Die #1 is a powerful first issue, made all the more powerful by the imagery. Hans captures the tone of this story, creating a darkly alluring effect. The players and their families look so bright-eyed and alive in 1991. Twenty-five years later, every one of them looks haunted, as if the world they experienced and the loss of their sixth member took a piece of their soul. Their eyes seem just a little dead.
The art, on the whole, is consistently stunning, but it doesn’t distract from the story as much as it immerses you in it, drowning you with the very real emotion of characters struggling to heal from the horror of the past. The changes in body language and facial expressions broadcast the rawness of their pain, the uncertainty they feel when around each other, and their discomfort as they face the possibility that they’ve left someone behind. The final page is visually as dramatic as the secret it reveals.
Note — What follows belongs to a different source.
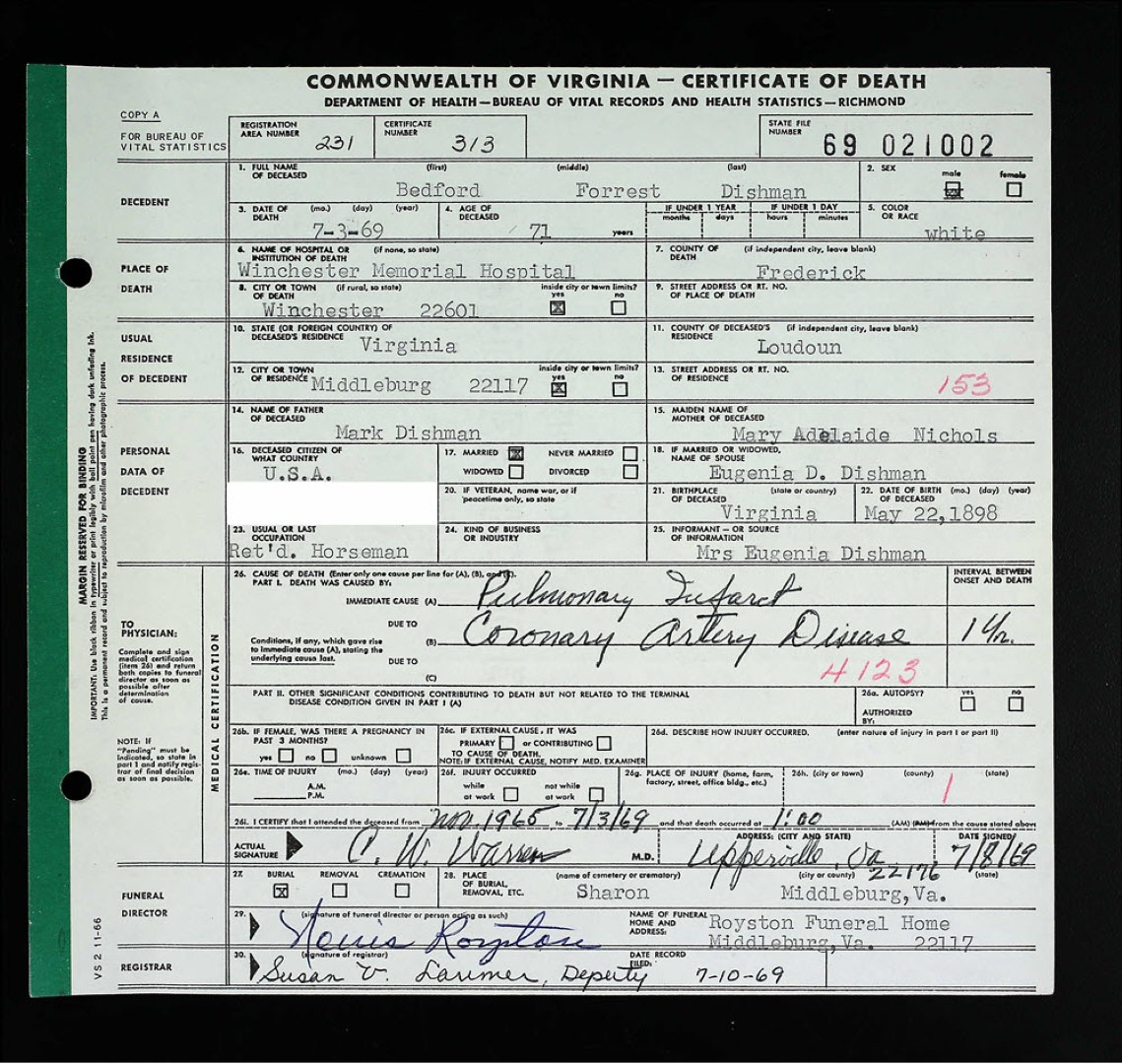 - [S818] "Deaths,"Bedford Forrest Dishman, The Evening Star, Washington, District of Columbia, 4 Jul 1969, p.23 c.5 (https://www.genealogybank.com/doc/newspapers/image/v2%3A13D5DA85AE05A305%40GB3NEWS-14E3DC1DAF4EF9DD%402440407-14E19F0E45D4950E%4022-14E19F0E45D4950E%40?lname=dishman&dateType=range&formDateFlex=exact&rgtoDate=jul%201969&rgfromDate=jul%201969 : accessed 25 May 2025); citing GenealogyBank.

MAJK’s Age Recommendation:
Older Teens – 16 or 17+
Other Info: This comic is a dark fantasy—like grim-dark. It’s already dealing with some themes that might be uncomfortable. There has already been a bit of gore. There is alcohol use. There’s a lot of F-bombs. I expect there will be some heavy violence in future issues.
Best Line & Why
Best Line: Matt: “Chuck! This is not a f$#&ing game.”
Chuck: “Er… it literally is. We’re literally in a game.”
Why: Chuck is flippant much of his screen time, but this particular moment I actually laughed out loud. There’s a special irony in this exchange which I thoroughly appreciated.
None that I can give without spoiling things that I really think you need to find out by reading this issue.
Next Issue: Die #2 comes out January 9, 2019.